Sezon zmierza ku końcowi, więc każde kolejne spotkanie staje się tym najważniejszym. Nie inaczej było w ubiegłą niedzielę, kiedy to udaliśmy się na boisko przedostatniej przed tą kolejką drużyny ligi - Ostrowii Ostrówek. Pokłosiem tak niskiej pozycji naszego rywala jest fatalna jesień, kiedy to drużyna z Ostrówka zdobyła zaledwie 3 punkty w stosunku do 15 punktów w dziesięciu wiosennych meczach, co plasuje ich w środku stawki tabeli za samą rundę wiosenną. Mecz więc na pewno nie zapowiadał się na tak łatwy, na jaki wskazywała tabela. Dodatkowo, przystąpiliśmy do spotkania osłabieni absencją trzech naszych mocnych ogniw - Andrzeja Koziary, Jakuba Matusiaka i Pawła Matyni. Od początku meczu wystąpił zatem po raz pierwszy wspólnie duet środkowych obrońców Marek Kozioł - Damian Michalak.
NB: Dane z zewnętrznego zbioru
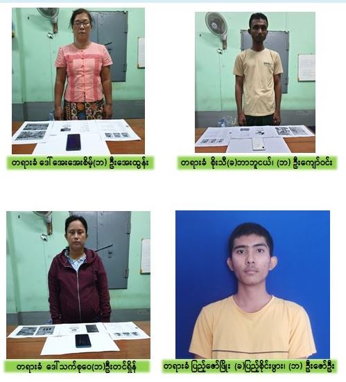 နေပြည်တော်၊ မေ - ၂၃ တိုင်းဒေသကြီးနှင့်ပြည်နယ်အချို့တွင် CDM လှုပ်ရှားမှုကို အခြေခံပြီး ရပ်ရွာ အေးချမ်းသာယာရေးနှင့် တရားဥပဒေစိုးမိုးမှုအား ပျက်ပြားစေရန် ရည်ရွယ်ချက်ဖြင့် အကြမ်းဖက်မှုများကို ဦးတည်စေသော ဆူပူ ဆန္ဒပြမှုများအား သွေးထိုးလှုံ့ဆော် လျက်ရှိသောကြောင့် အုပ်ချုပ်ရေးအဖွဲ့အစည်းများနှင့် လုံခြုံရေးအဖွဲ့အစည်း များက ဥပဒေနှင့်အညီ ပူးပေါင်းထိန်းသိမ်းဆောင်ရွက်လျက်ရှိသည်။ ထိုသို့ လုပ်ဆောင်လျက်ရှိရာ လူမှုကွန်ယက်စာမျက်နှာ၌ အများပြည်သူနှင့် အစိုးရဝန်ထမ်းများအား အထိတ် တလန့်ဖြစ်စေရန် သွေးထိုးလှုံ့ဆော်ခြင်း၊ အစိုးရ ဝန်ထမ်းများ CDM တွင် ပါဝင်လာအောင်စည်းရုံးလှုံ့ဆော်ခြင်းနှင့် ဆူပူဆန္ဒပြမှုများတွင် ကိုယ်တိုင်ပါဝင်ခြင်း၊ နိုင်ငံတော်နှင့်တပ်မတော်၏ ပုံရိပ်ကျဆင်းအောင်မဟုတ်မမှန် ရေးသားခြင်းများ ပြုလုပ်ခဲ့သည့် ပညာရေးဝန်ထမ်းများဖြစ်ကြသည့် မြိတ်မြို့၊ ကန်ဖျားရပ်ကွက်နေ ဒေါ်အေးအေးစိမ့်(ဘ)ဦးအေးထွန်း၊ မြစ်ငယ်ရပ်ကွက်၊ ဝေဘာဂီ လမ်းနေ စိုးသီ(ဘ) ဦးကျော်ဝင်း ၊ မြိတ်မြို့၊ စန္ဒဝတ်ကျေးရွာအုပ်စု၊ ရွှေပေးကျေးရွာနေ ဒေါ်သက်စုဝေ(ဘ) ဦးတင်ရှိန် ၊ ကော့သောင်းမြို့၊ အဏ္ဏဝါရပ်ကွက်၊ စံပယ်လမ်းနေ ပြည့်ဇော်ဖြိုး(ဘ) ဦးဇော်ဦး တို့အား မေ ၂၂ ရက်တွင် ၎င်းတို့၏ နေအိမ်များ၌ အသီးသီး ဖမ်းဆီး ထိန်းသိမ်းနိုင်ခဲ့ပြီး သက်ဆိုင်ရာ မြို့မရဲစခန်းများ၌ ရာဇသတ်ကြီးပုဒ်မ ၅၀၅-က ဖြင့် အမှုဖွင့် အရေးယူ ဆောင်ရွက်လျက်ရှိကြောင်း သတင်းရရှိသည်။ သတင်းစဉ်

Mecz od początku zgodnie z oczekiwaniami był dosyć trudny. Oprócz oporu ze strony rywali, wymagające były również same warunki - palące słońce oraz suche i nieskoszone boisko nie sprzyjały budowaniu szybkich akcji. Mecz więc toczył się w zasadzie próbami konstruowania ataków pozycyjnych, a gospodarze starali się zagrozić nam głównie stałymi fragmentami gry, jednak ich próby kończyły się albo niecelnymi strzałami, albo uderzeniami w środek bramki strzeżonej przez Konrada Bednarka. Po pół godzinie gry i kolejnej próbie wyprowadzenia przez nas piłki od tyłu, długim i dokładnym zagraniem z linii obrony popisał się Michalak, piłkę na klatkę przyjął Łukasz Kołodziej gubiąc tym samym rywala znajdującego się na jego plecach i uderzył mocno po długim słupku zdobywając swoją dwunastą bramkę dla Hetmana tej wiosny. Prowadzimy 1:0! Po tej bramce to my byliśmy bliżej kolejnego trafienia, ale nie udało nam się zamknąć skutecznie dwóch składnych akcji. Do przerwy wynik nie uległ zmianie.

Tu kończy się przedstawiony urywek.